Les amis d'enfance du tueur de masse Anders Behring Breivik ont décrit mardi un individu intelligent, tolérant et sociable mais aussi très soucieux de son apparence, subissant une opération pour se donner un nez "plus aryen" et utilisant régulièrement du maquillage.
Au 26e jour du procès de l'extrémiste de droite jugé pour la mort de 77 personnes, quatre anciens proches de Breivik ont expliqué comment "Anders", comme ils l'appellent encore, avait rompu les ponts en 2006, devenant de plus en plus obnubilé par la politique notamment d'immigration.
C'est à cette date apparemment cruciale que l'accusé, alors dans sa 27e année, retourne vivre chez sa mère et qu'il se consacre aux jeux vidéo pendant des journées entières.
Ses camarades, qui l'avaient jusqu'alors connu comme très sociable, enjoué et d'un abord facile, peinent à comprendre ce tournant.
"J'ai pensé qu'il était entré dans une grave dépression ou qu'il était devenu homosexuel et qu'il ne voulait pas faire son coming out", a déclaré un juriste qui le connaît depuis le lycée.

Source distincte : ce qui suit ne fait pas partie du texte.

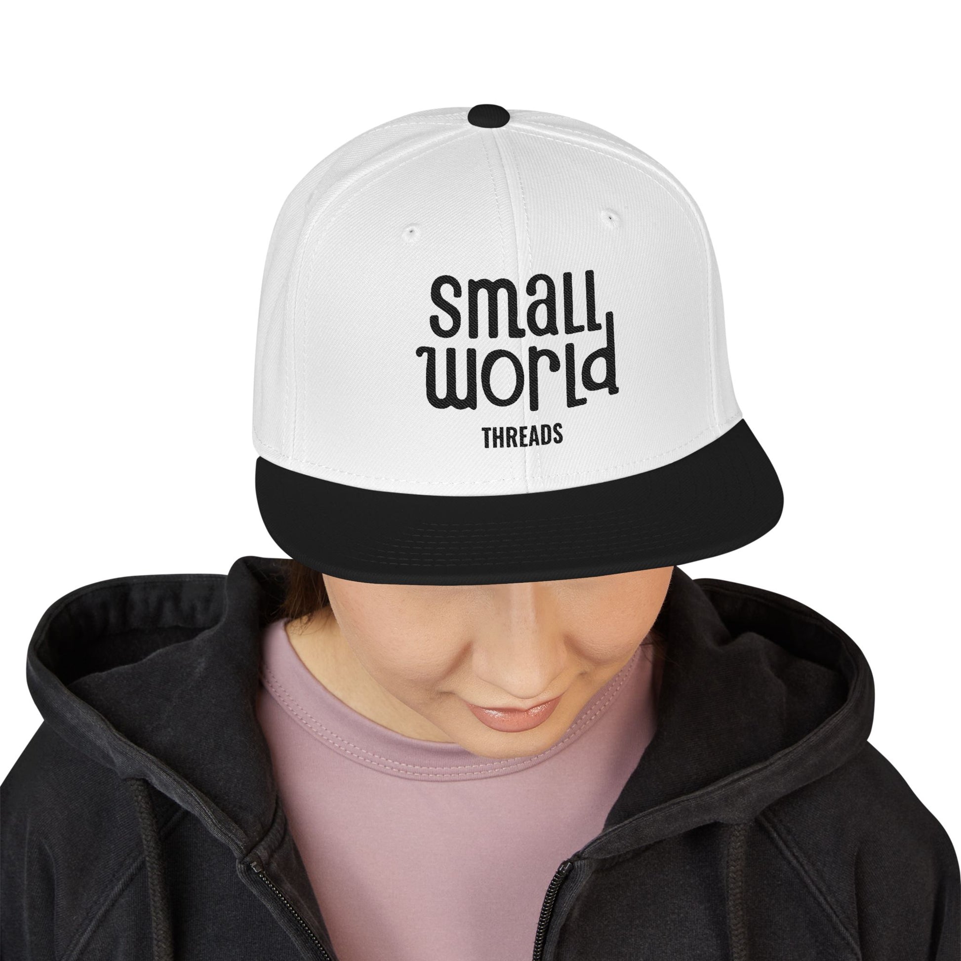 A Snapback cap featuring the Small World Threads logo that exudes a cool and laid-back vibe, perfect for casual everyday wear or adding a stylish touch to an outfit. Ideal for streetwear enthusiasts and those looking for a trendy accessory. Great for gifting on birthdays, holidays, or special occasions.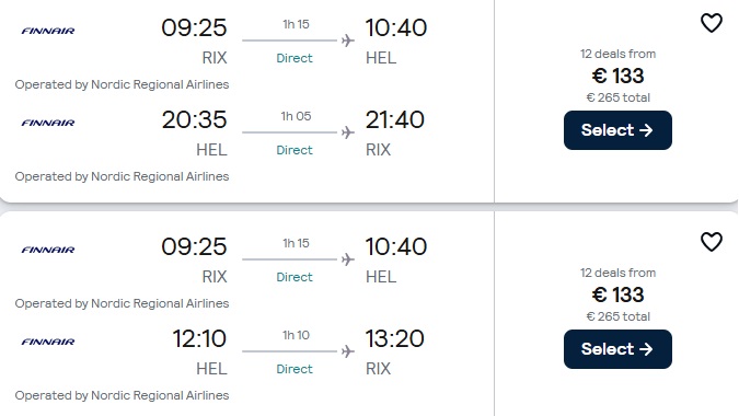 Tiešie Finnair lidojumi no Rīgas uz Helsinkiem.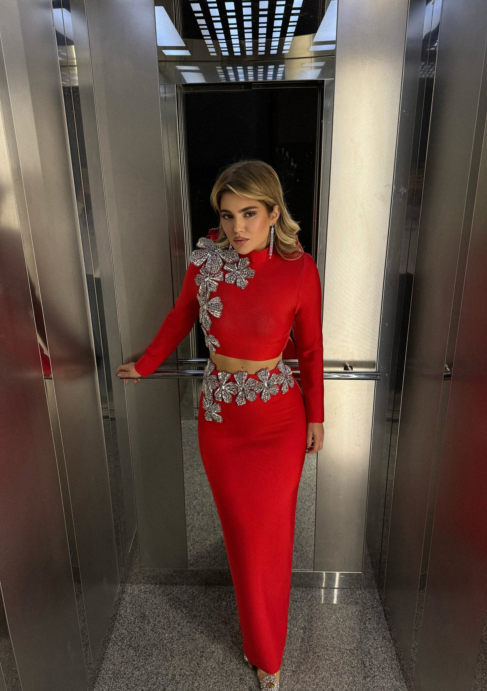 Set crop me menge te gjata me gure dhe fund i gjate me gure tek beli. Material i gomuar.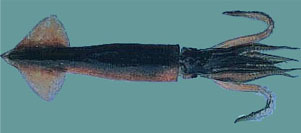 スルメイカ科 地方名:シリクサリ・トクサイカ・ホンイカ(越廼)、ウジイカ(敦賀)、シリヤケ(美浜)、シンコ(日向)、カワイカ(小浜)、シリイカ(和田・高浜)、ヒイカ(高浜)、オオシリ(小黒飯)、シリ(嶺南)シンコイカ(幼イカ・全県下) 本県で最も漁獲量が多く、重要なイカ類の一種。体色は鮮度のよいものは茶色で、鮮度の落ちたものは白色からピンク色と変化する。腕の長さは胴長の半分程度で、鰭の長さは胴長の約3.5分の1である。1年で胴長28pに成長する。暖流海域の30〜100m位の層に生息し、昼間は下層にいるが、夜間には上層に浮上する。ほとんどが釣りで漁獲され、盛漁期は7〜10月である。産卵期は10〜2月。主に稚魚類や小型のエビ類を捕食する。刺身、天ぷら、フライ、焼物、塩辛、煮物、干物と用途が広く、最近は海のサラダ≠フ材料としても多く使われる。 |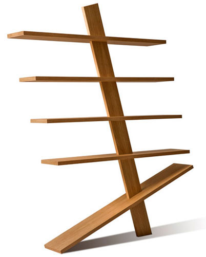 Biblioteca Supergiu', cu design avangardist, semnat de Marco Ferreri. Realizata din lemn masiv de stejar, cu suport vertical si patru rafturi unite pe diagonala. Dimensiuni: 170 x 25 x 185 cm. Pret la cerere.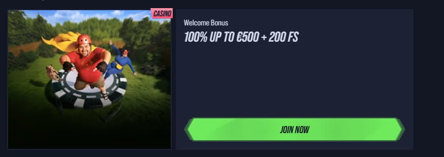 100% UP TO €500 + 200 FS |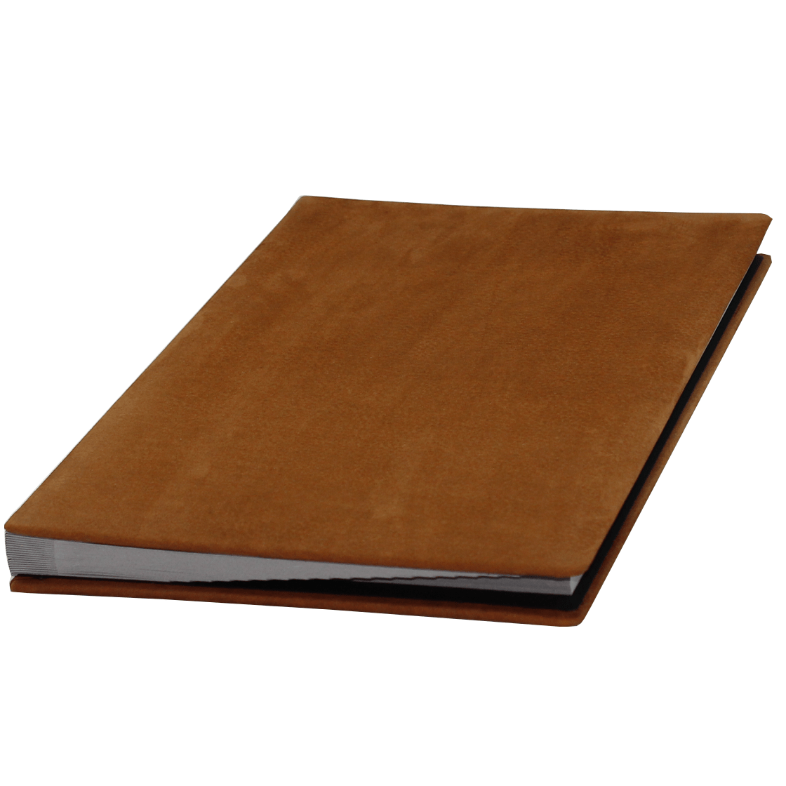• Softcover-Einband aus Nubukleder in Cognac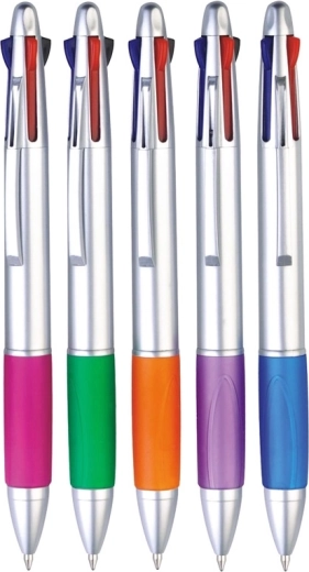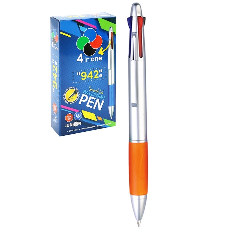 Der clevere 4-Farben-Kugelschreiber vereint Praktikabilität und Platzersparnis. Mit einem Klick wechseln Sie zwischen vier Farben und haben so alles Wichtige stets zur Hand. Dank der mittleren Strichstärke von 1 mm ist die Schrift gut lesbar und flüssig.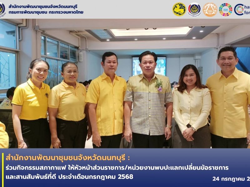 สพจ.นนทบุรีร่วมกิจกรรมสภากาแฟ ให้หัวหน้าส่วนราชการ/หน่วยงานพบปะแลกเปลี่ยนข้อราชการและสานสัมพันธ์ที่ดี ประจำเดือนกรกฎาคม 2568
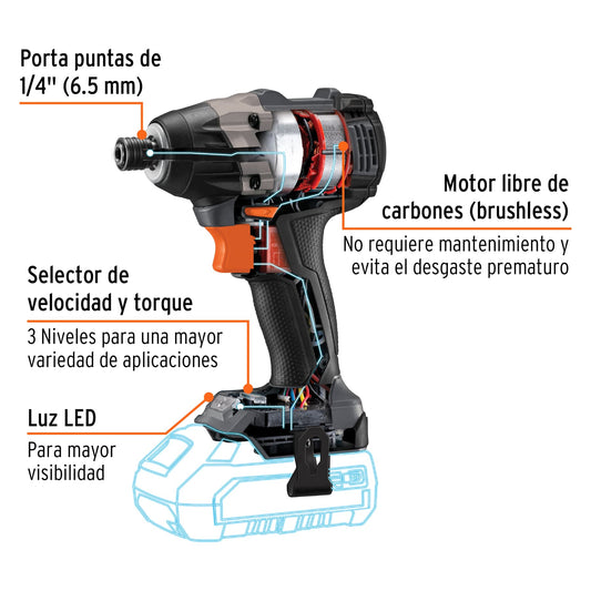 Destornillador d/impacto inalámbrico 1/4´, 20V, s/accesorios 101406 Truper Expert Pieza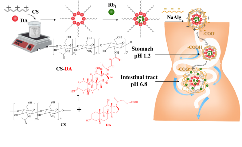 人参皂苷在预防和抑制肿瘤方面具有重要作用,但由于其较差的水溶性、靶向性和生物利用度,使得人参皂苷在临床上的应用被限制。将纳米技术应用于医学领域,开发针对癌症肿瘤的抗癌药物输送新型载体,能够解决药物溶解度低导致的生物利用度低、降解导致的肠道吸收机制差、靶向传递机制不足等问题。研究中采用脱氧胆酸对壳聚糖进行疏水改性,合成壳聚糖-脱氧胆酸聚合物,并将其与海藻酸钠进行交联反应,制备对胃肠道 pH 敏感的负载人参皂苷 Rb1 的壳聚糖-脱氧胆酸/海藻酸钠纳米粒子。研究发现此纳米粒子对人参皂苷 Rb1包封率高,在模拟胃肠液中具有较好的缓释性能。此外,纳米粒子显著的pH敏感性能够在模拟胃液中保护被负载的Rb1,避免其快速释放,而在模拟肠液中具有较高的累计释放率,实现纳米粒子在口服过程中对人参皂苷Rb1的可控释放。研究结果表明了海藻酸钠浓度参数对纳米粒子制备技术及释放性能的影响,同时对纳米粒子的释放机制进行了阐明,所制纳米粒子能够满足作为口服药物载体的条件,为难溶性药物口服载体的应用提供了理论依据。
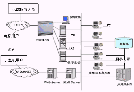 呼叫中心是伴隨著激烈的市場競爭和企業(yè)成功的經(jīng)營理念而生,既低端的價格競爭向高端的服務(wù)競爭以及對企業(yè)核心客戶的保持。它融合了傳統(tǒng)的公共電話網(wǎng)PSTN,計(jì)算機(jī)網(wǎng)絡(luò),以及數(shù)據(jù)庫存儲技術(shù)和自動語音應(yīng)答IVR等技術(shù),將語音與數(shù)據(jù)資源有效的結(jié)合,為企業(yè)在技術(shù)上保證核心客戶的高忠誠度打下了堅(jiān)實(shí)的基礎(chǔ)。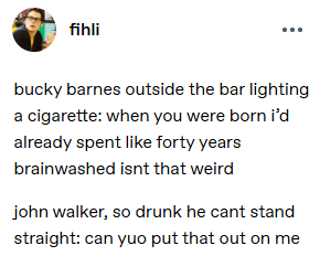 >>6305808 >у меня похожий отвал доверия происходит, когда вместе автор свои интересы выдаёт за интересы персонажа О, это тоже бывает. Нет большего кринжа, чем персонажи, смотрящие гарепоттера и обсуждающие, кто из них на каком факультете. Или персонажи, у которых в каноне способ приведения нервов в порядок - это напиться водки и разбить кому-то морду, в фике читают лекции про психотерапию и осознанность.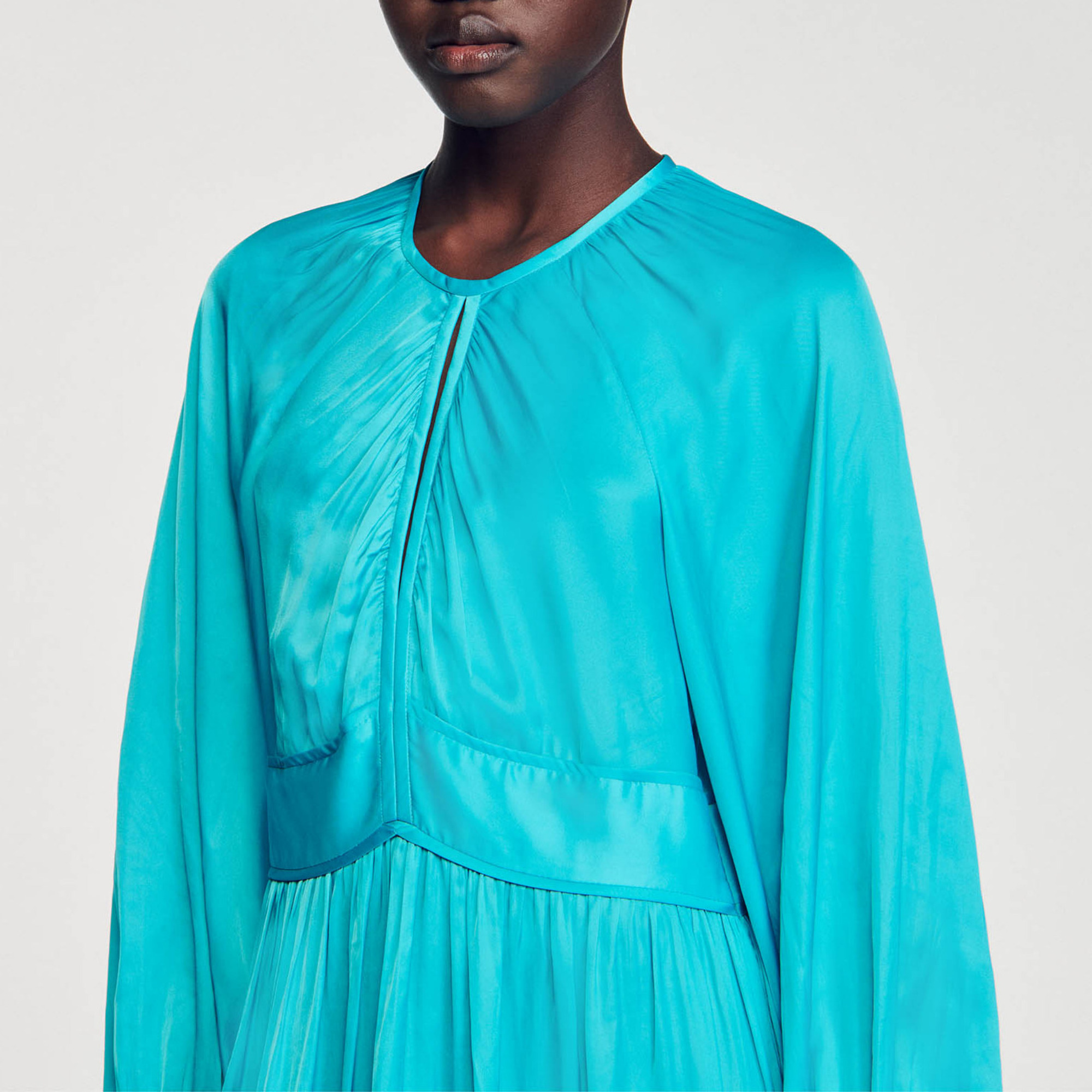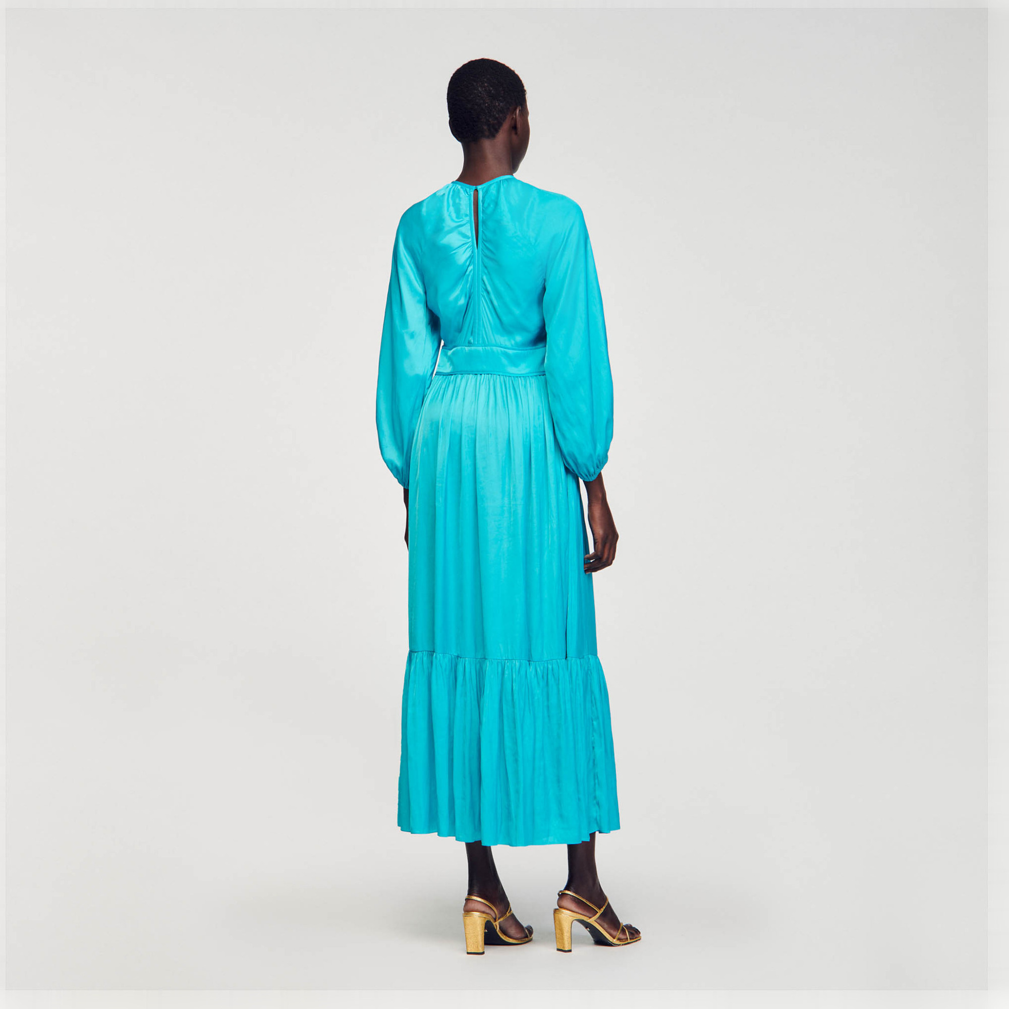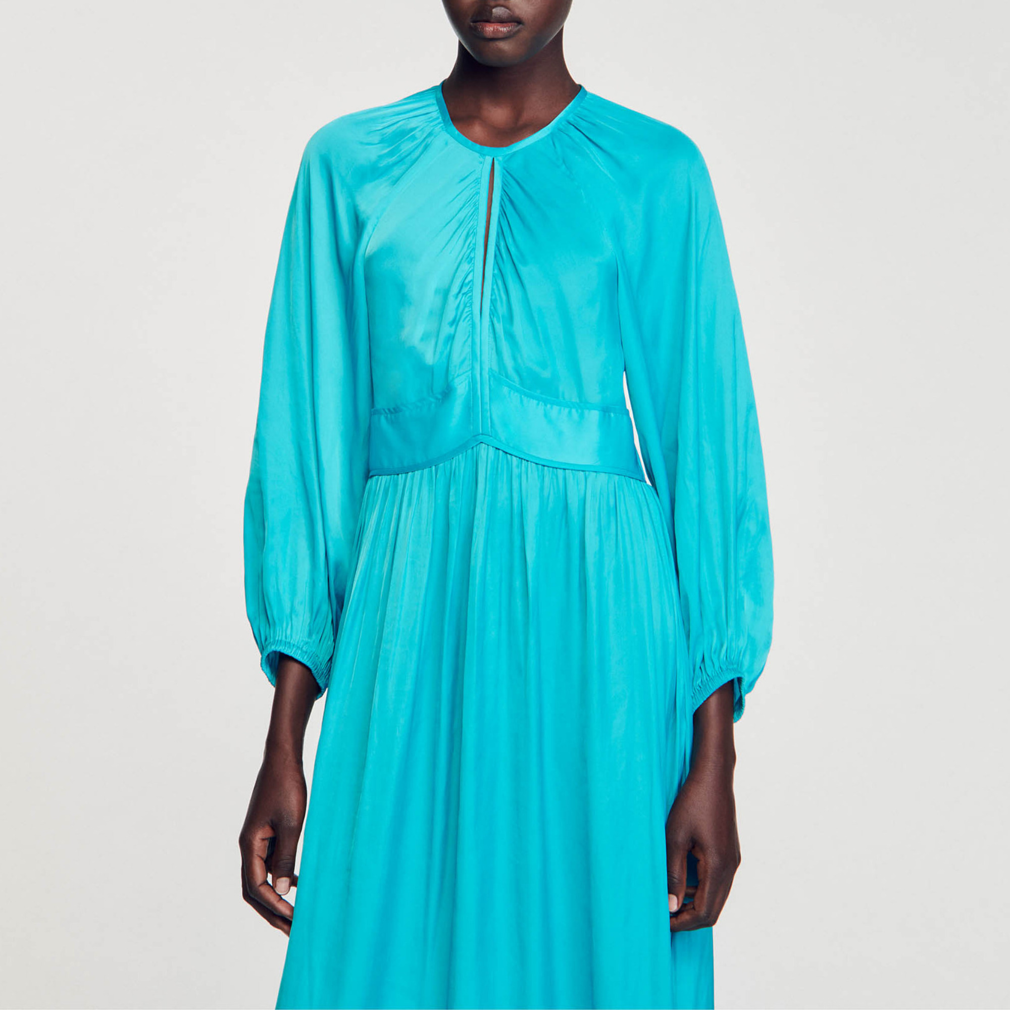 Sandro polyester Satin-effect maxi dress with a curved neckline, draped at the top and flared at the bottom, featuring long sleeves with elasticated cuffs, an accentuated waistline with a V-shaped inlaid waistband and a pleated hem.

Pour appuyer ses dires, le témoin a expliqué que son camarade était extrêmement soucieux de son apparence, utilisait des poudres cosmétiques, n'avait pas beaucoup de petites amies et avait un "comportement féminin".
"Il se présentait comme métrosexuel comme David Beckham", a ajouté cet homme qui a un temps vécu en colocation avec l'accusé.
Aucun des anciens amis de Breivik n'a souhaité qu'il assiste à leur déposition ni que leur identité soit divulguée.
Après avoir entendu ses ex-amis depuis une pièce voisine, Breivik a fait une mise au point en fin de séance.
"Je n'ai jamais jamais été déprimé de toute ma vie", a-t-il souligné. "Je n'ai jamais été efféminé non plus", a-t-il ajouté, expliquant le recours au maquillage pour cacher ses boutons avant des sorties en ville.
Un autre témoin, ancienne petite amie d'un proche de Breivik, a quant à elle expliqué avoir pensé qu'en 2006, l'accusé était devenu complètement "accro aux jeux".
Après avoir lancé plusieurs start-ups souvent mort-nées à la suite de l'interruption prématurée de sa scolarité, Breivik s'est accordé une année sabbatique pour pouvoir jouer à World of Warcraft.
Il affirme aujourd'hui qu'outre un hobby, les jeux vidéo étaient "une couverture" pour pouvoir se concentrer sur la rédaction du manifeste idéologique de 1.500 pages qu'il a diffusé sur internet juste avant de perpétrer ses attaques le 22 juillet 2011.
Ce jour-là, il a tué 77 personnes en ouvrant le feu sur des jeunes travaillistes réunis en camp d'été sur l'île d'Utoeya juste après avoir fait exploser une bombe près du siège du gouvernement à Oslo.
Mardi, les témoins ont aussi évoqué l'opération du nez que Breivik a subie en 1999 quand il avait 20 ans.
Le meilleur ami d'enfance a expliqué qu'il voulait un "nez plus aryen", un autre explique que Breivik en avait assez d'être moqué pour son "nez d'arabe".
Mais personne dans son entourage n'y voit alors un message politique, estimant y voir un simple signe de vanité.
"Je n'ai jamais utilisé le mot +aryen+ de toute ma vie car c'est une expression issue d'une idéologie que je ne soutiens pas: le national-socialisme", a pour sa part affirmé Breivik.
L'opération a été réalisée par souci d'esthétique mais aussi parce qu'il avait eu le nez fracturé lors d'une agression par un Pakistanais, selon lui.
Aucun des amis de Breivik censés avoir assisté à cette agression n'a dit se souvenir d'un tel épisode mardi, ni d'ailleurs des deux autres rixes avec des musulmans dans lesquelles l'accusé assure avoir été impliqué dans sa jeunesse.
"Il était plutôt tolérant et ne cherchait jamais les embrouilles", a affirmé à la barre le meilleur ami d'enfance.
Selon ses proches, Breivik --jusqu'alors si retranché qu'il les avait éconduits un jour où ils s'étaient présentés à sa porte pour son anniversaire-- a repris contact début 2011.
Plusieurs ont confié avoir retrouvé un peu du "bon vieil Anders". Il faisait beaucoup de sports "pour avoir la forme avant l'été", a dit l'un d'eux.
Le groupe d'amis a notamment dîné ensemble fin avril, moins de trois mois avant les attaques. "Je n'ai rien remarqué de spécial", a affirmé le meilleur ami d'enfance.